It seems to me, that Inigo Jones from this adytum projected the plan of the Surgeons theatre in London, a fabric for seeing and hearing much admired by all good judges. And which my Lord Burlington, out of a spirit truly noble, and a great love for the architect's memory, has lately repair’d, with his own charges and excellent skill. I find the Surgeons theatre (or rather amphitheatre) is form’d from the same proportion as our adytum, the transverse and conjugate diameters being as 4 to 3, viz. 40 foot and 30 foot. And this appears to me a strong presumption, that Inigo Jones did not make the ground-plot of Stonehenge, publish’d under his name. The Surgeons amphitheatre is a good deal less than our cell.
Such is the noble and easy geometry of the adytum of Stonehenge. The stones that compote it, are really stupendous, their height, breadths and thickness are enormous, and to see so many of them plac’d together, in a nice and critical figure, with exactness; to consider, as it were, not a pillar of one stone, but a whole wall, a side, an end of a temple of one stone; to view them curiously, creates such a motion in the mind, which words can’t express. One very remarkable particular in the construction of this adytum, has escaped all observers: which is this. As this part is compos’d of trilithons (as I before call them) sett two and two on each side, and one right before; they rise in height and beauty of the stones, from the lower end of the adytum, to the upper end. My meaning is this. The two hithermost trilithons corresponding, or those next the grand entrance, on the right hand, and on the left are exceeded in height, by the two next in order; and those are exceeded by the trilithon behind the altar, in the upper end of this choir. So that in laying down the measures of the parts, that compose this place, the reader must be content to take my word. Mr. Webb's measures cannot be precise in all of them, seeing he knew nothing of this particular; and that his notion of an hexagon, is contradicted by it, as well as by fact. "He says p. 60. the stones of the greater hexagon seven foot and a half in breadth, three foot nine inches thick, and twenty foot high, each stone having one tenon in the middle." His measure of seven foot and a half in breadth, only shews the vastness of the stones, it is no precise measure, for the founders regarded not any preciseness in their breadth: because two together were design’d to make a compages, whereon to set the impost, and this I call a trilithon. Each trilithon stands by its self, independant of its neighbour, not as the stones and imposts of the outer circle, link’d together in a continued corona, by the imposts carried quite round. Indeed the breadth of a stone at bottom is seven feet and a half, which is 4 cubits and a half. Two stones therefore amount to nine cubits, and there is a cubit of interval between them, making in the whole ten cubits. But they were not careful of the particulars, only of the whole, in one of these compages or trilithons.
The stones of the cell are made to diminish very much, towards the top, most apparently with a design, to take off from their weight, and render them what we call top-heavy, in a less degree.

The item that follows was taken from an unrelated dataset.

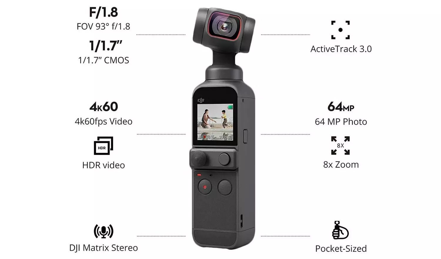 DJI Pocket 2 is a handheld gimbal camera that combines mobility and stability in one device. It shoots sharp 64 MP photos and stable video at up to 4K 60fps. The onboard touchscreen displays a live view from the camera, can control camera and gimbal movements. Create the perfect shot with intelligent modes such as ActiceTrack, Zoom, Panorama, Timelapse and HDR Video. Enjoy high quality sound recording with four microphones that boast wind noise reduction.
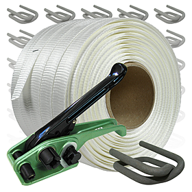 Umreifungsset mit Haspelspanner, gewebtem Textil-Umreifungsband in HD-Ausführung mit höherer Reißfestigkeit und phosphatierten Drahtverschlussklemmen, für einfaches und sicheres Umreifen verschiedenster Güter.

Hence the interval between the two upright stones of the compages widens so much upwards. This must certainly contribute very much, to their stability. In assigning 20 foot for their height, Mr. Webb has well taken the medium. A very small matter more than 20 feet makes exactly 12 cubits of the Hebrews, Egyptians and Druids. The reader remembers the proportion I assign’d between the English foot and this cubit. 20 inches and 4/5 make a cubit, therefore 20 feet and 4/5 make 12 cubits. The true case as to the height of the trilithons, is thus TAB. XV. respectively, and which may be seen in TAB. XV. with the harmony and symmetry, in the proportion of the whole. We may observe their gradual rising in height, all from the same base, like pillars of higher orders and more diameters. But the intelligent reader must needs see, that our founders never had sight of Greek or Roman pillars, and never pretended to imitate them, or take any one idea from them. And of these three different orders or degrees of altitude, in these trilithons, one exceeds the other by a cubit. So that their heights respectively are 13 cubits, 14. cubits, 15 cubits.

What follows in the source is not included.